Po fali tropikalnych upałów z początkiem miesiąca nadeszło właśnie załamanie pogody. W poniedziałkowy wieczór przez okolice Mediolanu, Bergamo i jeziora Como przeszły gwałtowne ulewy i wichury. Porywy wiatru osiągały do 90 km/h, a z powodu połamania drzew doszło do zablokowania ruchu pociągów.

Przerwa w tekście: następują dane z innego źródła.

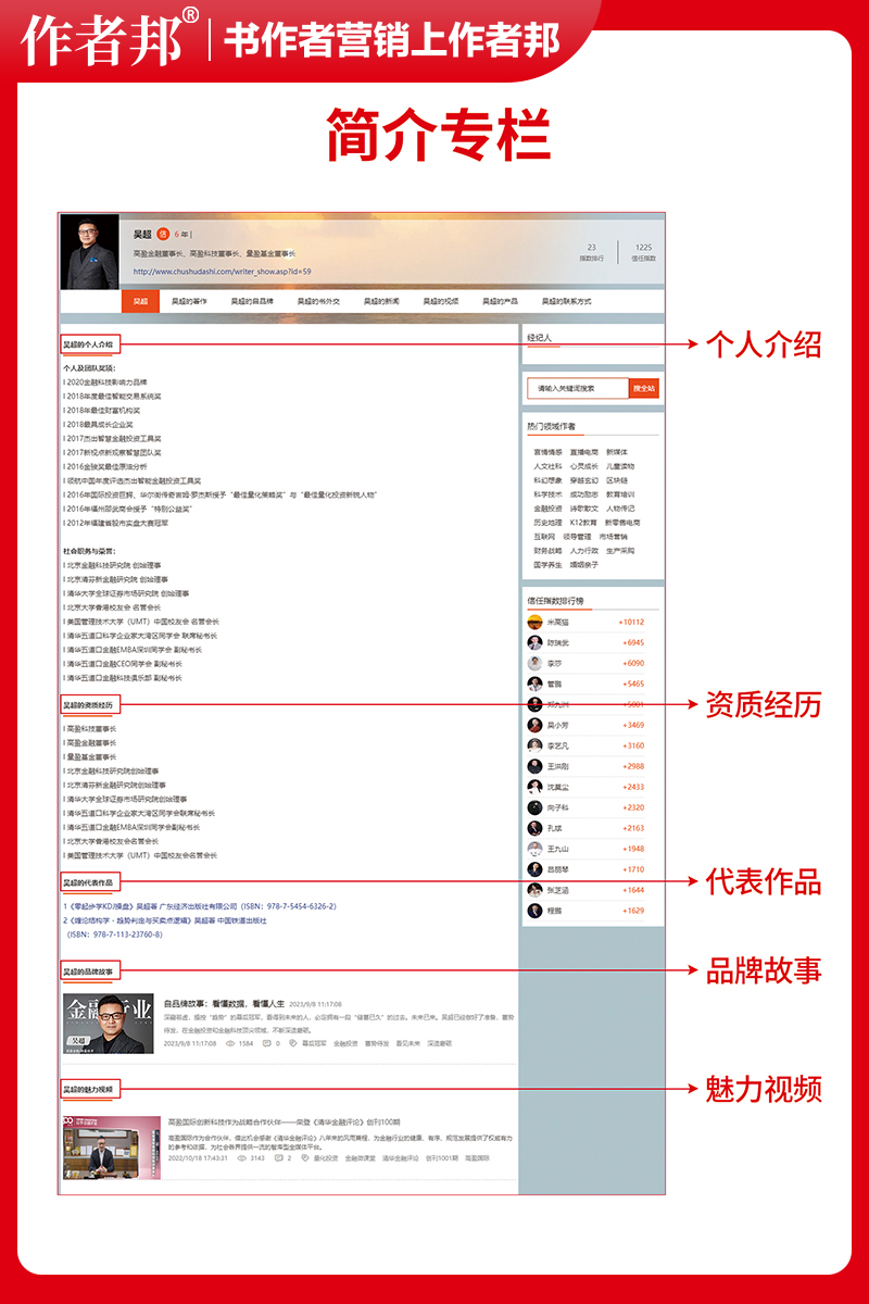 什么是作者简介 作者邦为书作者提供一个个人履历的栏目,且展示于整个互联网,公开透明,是书作者的个人黄金履历,以及金字招牌。 作者简介的作用 代表个人资质经历经得起考验与质疑,信息真实有效。彰显作者自身的个人品牌实力与行业影响力,突出作者优势,体现作者能力,并且被百度、360、搜狗、谷歌等各大搜索引擎平台收录。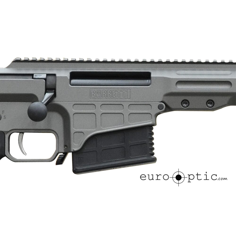 This Barrett MRAD 6.5 Creedmoor Rifle features a tungsten grey folding stock, 24" carbon fiber barrel, adjustable cheek piece, M1913 rail with 20 MOA taper, bolt guide for dust protection, ambidextrous magazine release, front-loading barrel design, single button length of pull adjustment, thumb-operated safety, removable combat-proof trigger module, and the ability to accept standard M4/M16 pistol grips.

Trzecia burza przeszła przez Mediolan i cały obszar na północy aż do Como czy Lecco. W mieście spadło do 30 mm deszczu w jego części zachodniej i minimum 15 mm w części wschodniej. Powalona gałąź zablokowała ruch tramwajów na via Solari – podaje Marco Grandelli, radny od spraw obrony cywilnej na swoich mediach społecznościowych
Na autostradzie A4 w okolicy Bergamo zanotowano porywy wiatru dochodzące do 90 km/h. W Villa di Sergio 88 km/h, w Palazzago 86 km/h. W samym Bergamo wiatr połamał 30 drzew.
Drzewo upadło też na tory w Cadorago. Wiatr wyrwał drzewo z korzeniami, które zablokowało ruch kolejowy w kierunku Mediolanu. Drzewa zablokowały też drogę 671 w Pedrengo, a także drogę w Tavernola i drogę wojewódzką z Cerete basso do Rovetta. W niektórych miejscach doszło do przerw w dostawach prądu.
Lokalne władze rekomendowały omijanie obszarów parkowych i terenów zielonych. Na wtorek 8 lipca 2025 roku zapowiadana nieco lepsza pogoda. Około 16:00 możliwe są burze w Mediolanie. Synoptycy nie przewidują, że będą aż tak gwałtowne jak w poniedziałkowy wieczór.